DATASET CONTENT:
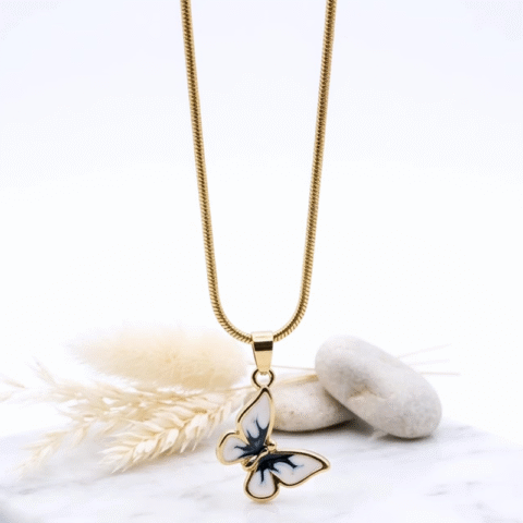 Delicate butterfly-shaped, enamel wings anti tarnish pendent
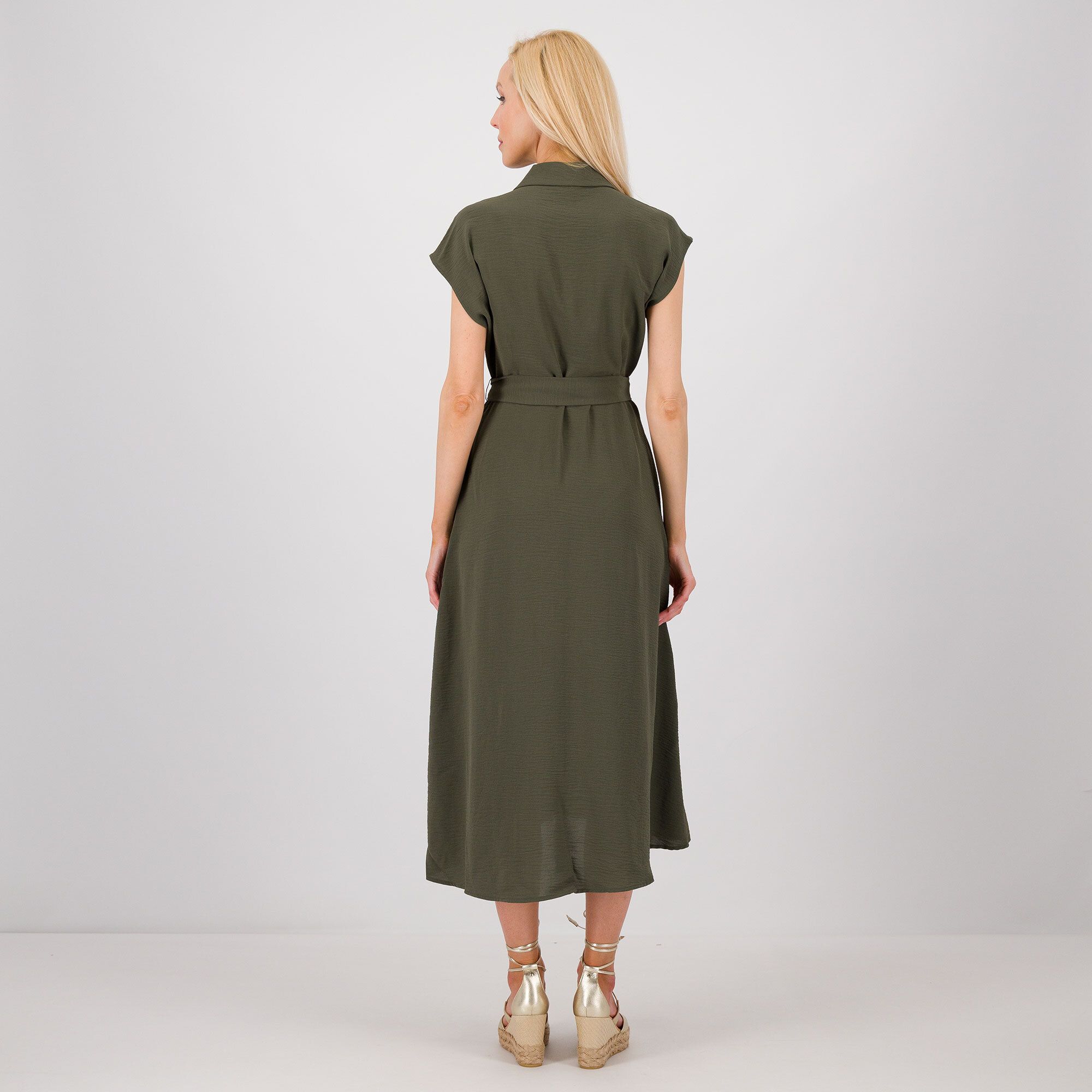Questo abito chemisier è l'ideale per chi cerca un capo versatile e di tendenza. Perfetto abbinato a un paio di décolleté per un look professionale, si trasforma facilmente in un outfit casual chic con sneakers bianche e una borsa a tracolla per il weekend. La cintura in vita valorizza la silhouette, rendendolo adatto a ogni occasione.
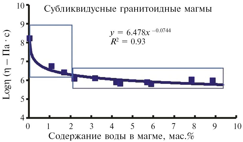 На основе значительного объема экспериментально-теоретических данных достоверно установлено, что из широкого спектра флюидных компонентов кислых магм (Н2О, СО2, НСl, NaCl, HF, NaF, H2S) решающее влияние на их текучесть оказывает вода, растворяющаяся в магмах в двух формах. Растворение воды в расплаве в виде гидроксила ОН– сильно снижает вязкость и значительно увеличивает степень деполимеризации (основность) расплава. Предельная емкость гранитоидного расплава для ОН– составляет 6.4 мас.% (Персиков, 1984; Persikov, 1998). Растворение воды в расплаве в виде молекул Н2О, наоборот, слабо снижает вязкость кислого расплава, не меняя его основности, а псевдобинарная система гранитоидная магма–вода с хорошей степенью приближения моделирует реологическое поведение таких магм во всем диапазоне глубин земной коры. Проблема достоверного определения соотношения ОН–/Н2О в гранитоидных расплавах при различных температурах и давлениях остается дискуссионной (Stolper, 1982; Персиков, 1984; Бернэм, 1983; Кадик и др., 1971; Хитаров и др., 1963). Наши экспериментально-теоретические результаты, а также данные, полученные в ряде других работ (Бернэм, 1983; Nowak, Behrens, 1995), подтверждают упомянутую предельную емкость гранитоидных расплавов по отношению к OH– при высоких температурах. Вместе с тем известно, что в закаленных расплавах (стеклах), полученных при изобарической закалке водосодержащих кислых расплавов (гранит, альбит), особенно при РН2О ≥ 200 МПа, преобладает молекулярная Н2О (Stolper, 1982; Персиков, 1984; Persikov, 1991, 1998; Persikov et al., 1990; Nowak, Behrens, 1995 и ссылки в этих работах).
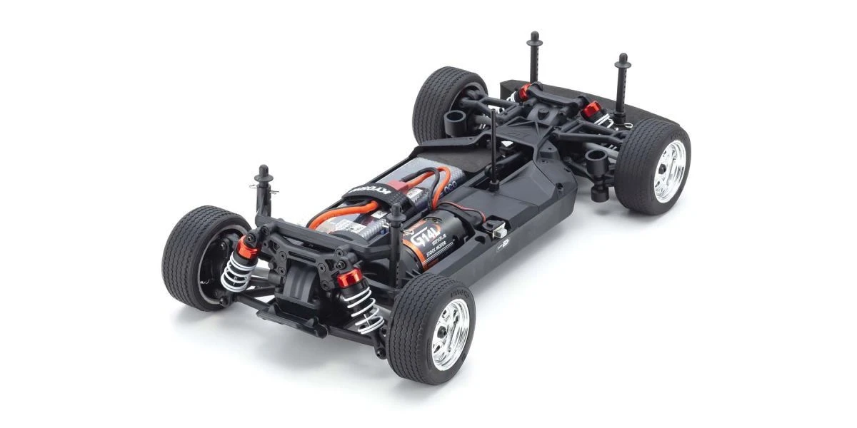 For the pure enjoyment of R/C car driving, the combination of a beautifully reproduced car body with the FAZER series chassis can’t be beaten. Kyosho has taken its standard touring car chassis and given it a full model makeover that has evolved performance to a new level. A simplified design with fewer parts has improved maintenance efficiency and reduced weight while core strength and rigidity has been increased through new materials and ribbing and stiffeners on front and rear. In addition, the symmetrical chassis design synergizes excellent front-rear balance through the suspension with responsive control, irrespective of power source. Featuring front & rear gear differentials, oil shocks and full ball bearing specs, the high durability and impact resistance allows drivers to unleash the full potential of the chassis. Brake disc wheel hubs with two different offsets (0mm, +5mm) provide compatibility with 190mm and 200mm width body styles and allows the wheelbase to be adjusted to 260mm by replacing some parts (sold separately) for compatibility with other 1/10 scale body styles, in addition the body included. The Readyset package comes fully assembled and includes everything except charger and battery for the chassis, and batteries for the transmitter.
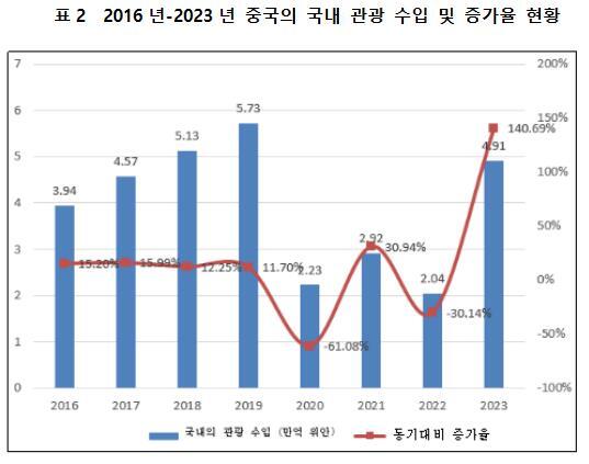 2023년 중국의 국내 관광 수입(여행 총 지출)은 4.91만억 위안으로, 전년 대비 2.87만억 위안 증가하며 140.69%의 큰 폭 성장을 기록했다. 이는 2020년 이후 지속된 관광업의 침체 국면을 반전시킨 중요한 성과이다. 또한 코로나19 이전인 2019년 대비 2023년 국내 관광 수입은 2019년 동기 대비 85.69%를 회복하며 격차가 크게 줄어들었다. 이는 국내 관광 소비의 활력과 잠재력을 잘 보여주는 지표라고 할 수 있다. 2023년 중국 국내 관광객의 총 지출 중 도시 주민의 여행 지출은 41781억 위안으로 147.5% 증가했으며, 농촌 거주자의 여행 지출은 7353억 위안으로 106.4% 증가했다. 또한 입국 관광객의 총 지출은 530억 달러를 기록했다.
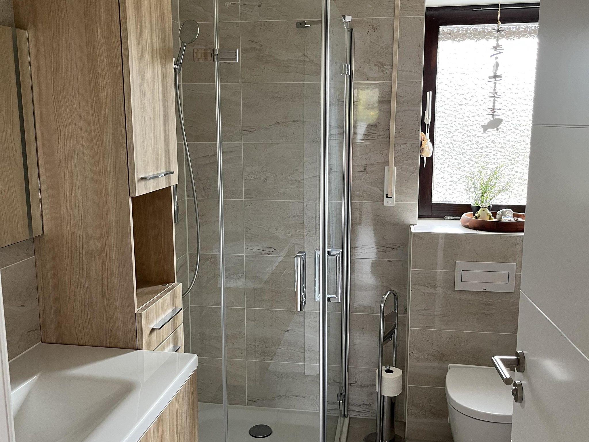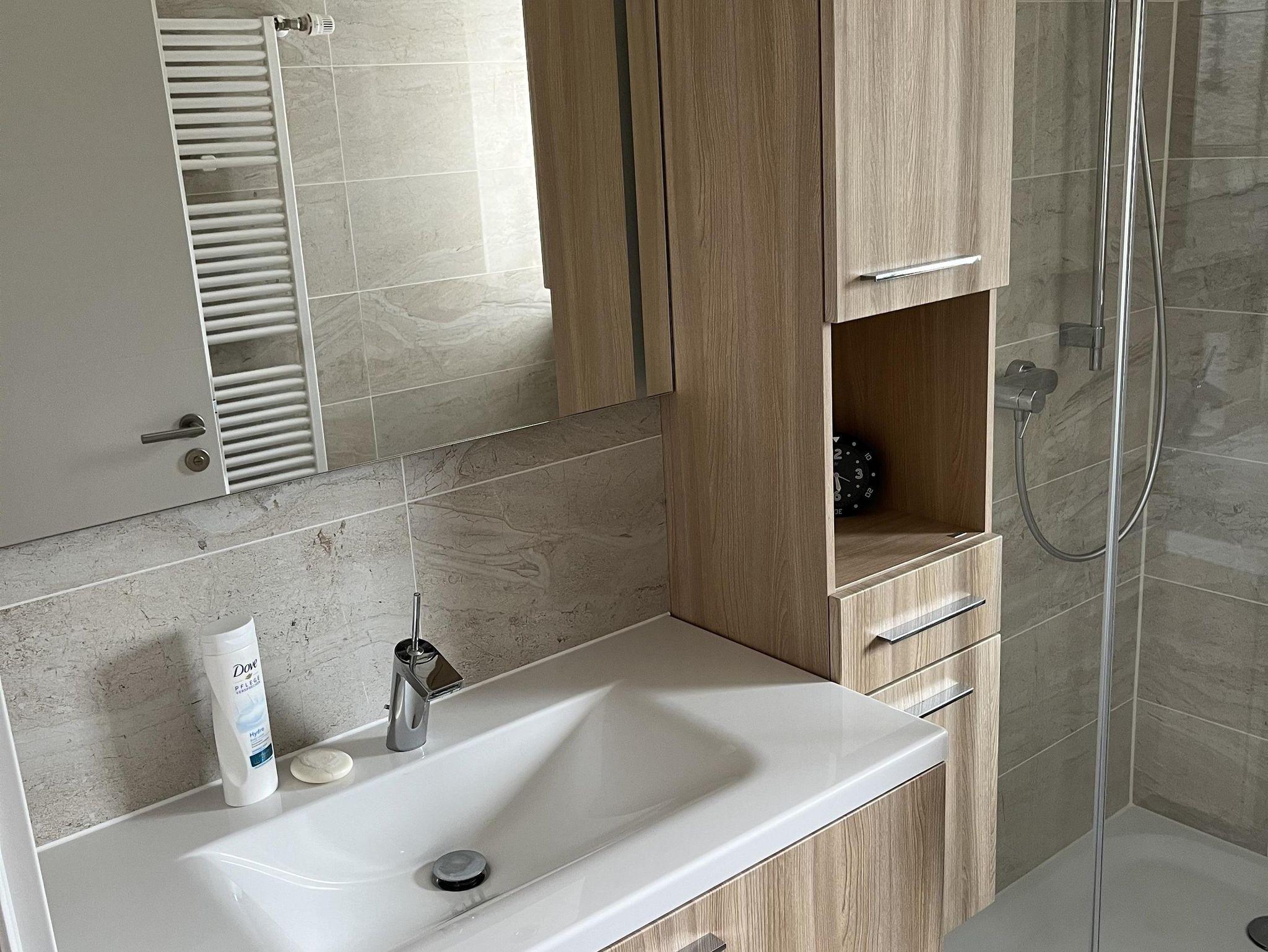 Das Badezimmer ist mit einer begehbare Dusche, WC, Waschbecken, Handtuch-Heizkörper, Spiegel und Fön ausgestattet.

INSTRUCTIONS FOR THE TASK:
The complete listing must be transcribed verbatim, and all pictures are to be omitted.

FINISHED EXERCISE:
 Delicate butterfly-shaped, enamel wings anti tarnish pendent
Questo abito chemisier è l'ideale per chi cerca un capo versatile e di tendenza. Perfetto abbinato a un paio di décolleté per un look professionale, si trasforma facilmente in un outfit casual chic con sneakers bianche e una borsa a tracolla per il weekend. La cintura in vita valorizza la silhouette, rendendolo adatto a ogni occasione.
 На основе значительного объема экспериментально-теоретических данных достоверно установлено, что из широкого спектра флюидных компонентов кислых магм (Н2О, СО2, НСl, NaCl, HF, NaF, H2S) решающее влияние на их текучесть оказывает вода, растворяющаяся в магмах в двух формах. Растворение воды в расплаве в виде гидроксила ОН– сильно снижает вязкость и значительно увеличивает степень деполимеризации (основность) расплава. Предельная емкость гранитоидного расплава для ОН– составляет 6.4 мас.% (Персиков, 1984; Persikov, 1998). Растворение воды в расплаве в виде молекул Н2О, наоборот, слабо снижает вязкость кислого расплава, не меняя его основности, а псевдобинарная система гранитоидная магма–вода с хорошей степенью приближения моделирует реологическое поведение таких магм во всем диапазоне глубин земной коры. Проблема достоверного определения соотношения ОН–/Н2О в гранитоидных расплавах при различных температурах и давлениях остается дискуссионной (Stolper, 1982; Персиков, 1984; Бернэм, 1983; Кадик и др., 1971; Хитаров и др., 1963). Наши экспериментально-теоретические результаты, а также данные, полученные в ряде других работ (Бернэм, 1983; Nowak, Behrens, 1995), подтверждают упомянутую предельную емкость гранитоидных расплавов по отношению к OH– при высоких температурах. Вместе с тем известно, что в закаленных расплавах (стеклах), полученных при изобарической закалке водосодержащих кислых расплавов (гранит, альбит), особенно при РН2О ≥ 200 МПа, преобладает молекулярная Н2О (Stolper, 1982; Персиков, 1984; Persikov, 1991, 1998; Persikov et al., 1990; Nowak, Behrens, 1995 и ссылки в этих работах).
 For the pure enjoyment of R/C car driving, the combination of a beautifully reproduced car body with the FAZER series chassis can’t be beaten. Kyosho has taken its standard touring car chassis and given it a full model makeover that has evolved performance to a new level. A simplified design with fewer parts has improved maintenance efficiency and reduced weight while core strength and rigidity has been increased through new materials and ribbing and stiffeners on front and rear. In addition, the symmetrical chassis design synergizes excellent front-rear balance through the suspension with responsive control, irrespective of power source. Featuring front & rear gear differentials, oil shocks and full ball bearing specs, the high durability and impact resistance allows drivers to unleash the full potential of the chassis. Brake disc wheel hubs with two different offsets (0mm, +5mm) provide compatibility with 190mm and 200mm width body styles and allows the wheelbase to be adjusted to 260mm by replacing some parts (sold separately) for compatibility with other 1/10 scale body styles, in addition the body included. The Readyset package comes fully assembled and includes everything except charger and battery for the chassis, and batteries for the transmitter.
 2023년 중국의 국내 관광 수입(여행 총 지출)은 4.91만억 위안으로, 전년 대비 2.87만억 위안 증가하며 140.69%의 큰 폭 성장을 기록했다. 이는 2020년 이후 지속된 관광업의 침체 국면을 반전시킨 중요한 성과이다. 또한 코로나19 이전인 2019년 대비 2023년 국내 관광 수입은 2019년 동기 대비 85.69%를 회복하며 격차가 크게 줄어들었다. 이는 국내 관광 소비의 활력과 잠재력을 잘 보여주는 지표라고 할 수 있다. 2023년 중국 국내 관광객의 총 지출 중 도시 주민의 여행 지출은 41781억 위안으로 147.5% 증가했으며, 농촌 거주자의 여행 지출은 7353억 위안으로 106.4% 증가했다. 또한 입국 관광객의 총 지출은 530억 달러를 기록했다.
 Das Badezimmer ist mit einer begehbare Dusche, WC, Waschbecken, Handtuch-Heizkörper, Spiegel und Fön ausgestattet.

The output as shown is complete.